When utilized as a method of treatment, the effective amount may depend on the particular condition being treated, the severity of the condition, the individual patient parameters including age, physical condition, size, gender and weight, the duration of the treatment, the nature of concurrent therapy (if any), the specific route of administration and like factors within the knowledge and expertise of the health practitioner. In some embodiments, the effective amount alleviates, relieves, ameliorates, improves, reduces the symptoms, or delays the progression of any disease or disorder in the subject. In some embodiments, the subject is a human.
In the context of the present disclosure insofar as it relates to any of the disease conditions recited herein, the terms “treat,” “treatment,” and the like mean to relieve or alleviate at least one symptom associated with such condition, or to slow or reverse the progression of such condition. Within the meaning of the present disclosure, the term “treat” also denotes to arrest, delay the onset (e.g., the period prior to clinical manifestation of a disease) and/or reduce the risk of developing or worsening a disease. For example, in connection with cancer the term “treat” may mean eliminate or reduce a patient's tumor burden, or prevent, delay, or inhibit metastasis, etc.
The phrase “pharmaceutically acceptable,” as used in connection with compositions and/or cells of the present disclosure, refers to molecular entities and other ingredients of such compositions that are physiologically tolerable and do not typically produce untoward reactions when administered to a subject (e.g., a mammal, a human). Preferably, as used herein, the term “pharmaceutically acceptable” means approved by a regulatory agency of the Federal or a state government or listed in the U.S. Pharmacopeia or other generally recognized pharmacopeia for use in mammals, and more particularly in humans. “Acceptable” means that the carrier is compatible with the active ingredient of the composition (e.g., the nucleic acids, vectors, cells, or therapeutic antibodies) and does not negatively affect the subject to which the composition(s) are administered. Any of the pharmaceutical compositions and/or cells to be used in the present methods can comprise pharmaceutically acceptable carriers, excipients, or stabilizers in the form of lyophilized formations or aqueous solutions.
Pharmaceutically acceptable carriers, including buffers, are well known in the art, and may comprise phosphate, citrate, and other organic acids; antioxidants including ascorbic acid and methionine; preservatives; low molecular weight polypeptides; proteins, such as serum albumin, gelatin, or immunoglobulins; amino acids; hydrophobic polymers; monosaccharides; disaccharides; and other carbohydrates; metal complexes; and/or non-ionic surfactants.
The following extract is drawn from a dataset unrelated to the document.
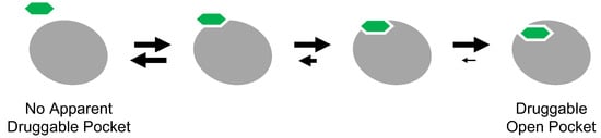 Cryptic binding sites are metastable pockets apparent on the protein surface only when a small molecule is bound (Figure 7) [68,69]. These sites are not easily detectable on the unbound structure. The protein structure is in thermodynamic equilibrium and fluctuates dynamically. In other words, the protein surface can take on various structures according to its thermodynamic equilibrium under particular physiological conditions. In structural biology, the most abundant and stable population of a given protein structure is usually observed, while the rare and unstable structures are missed, although these can also be targeted by small molecules [70,71,72]. Because many proteins appear to lack druggable surface pockets, the concept of cryptic binding sites has received considerable attention, as this would expand the druggable proteome.

See, e.g., Remington: The Science and Practice of Pharmacy 20th Ed. (2000) Lippincott Williams and Wilkins, Ed. K. E. Hoover.
Also within the scope of the present disclosure are kits that include the components of the present system.
The kit may include instructions for use in any of the methods described herein. The instructions can comprise a description of administration of the present system or composition to a subject to achieve the intended effect. The instructions generally include information as to dosage, dosing schedule, and route of administration for the intended treatment. The kit may further comprise a description of selecting a subject suitable for treatment based on identifying whether the subject is in need of the treatment.
The kits provided herein are in suitable packaging. Suitable packaging includes, but is not limited to, vials, bottles, jars, flexible packaging, and the like. A kit may have a sterile access port (for example, the container may be an intravenous solution bag or a vial having a stopper pierceable by a hypodermic injection needle). The container may also have a sterile access port.
The packaging may be unit doses, bulk packages (e.g., multi-dose packages) or subunit doses. Instructions supplied in the kits of the disclosure are typically written instructions on a label or package insert. The label or package insert indicates that the pharmaceutical compositions are used for treating, delaying the onset, and/or alleviating a disease or disorder in a subject.
Kits optionally may provide additional components such as buffers and interpretive information. Normally, the kit comprises a container and a label or package insert(s) on or associated with the container. In some embodiment, the disclosure provides articles of manufacture comprising contents of the kits described above. Optional components of the kit include one or more of the following: buffer constituents, control plasmid, sequencing primers, cells.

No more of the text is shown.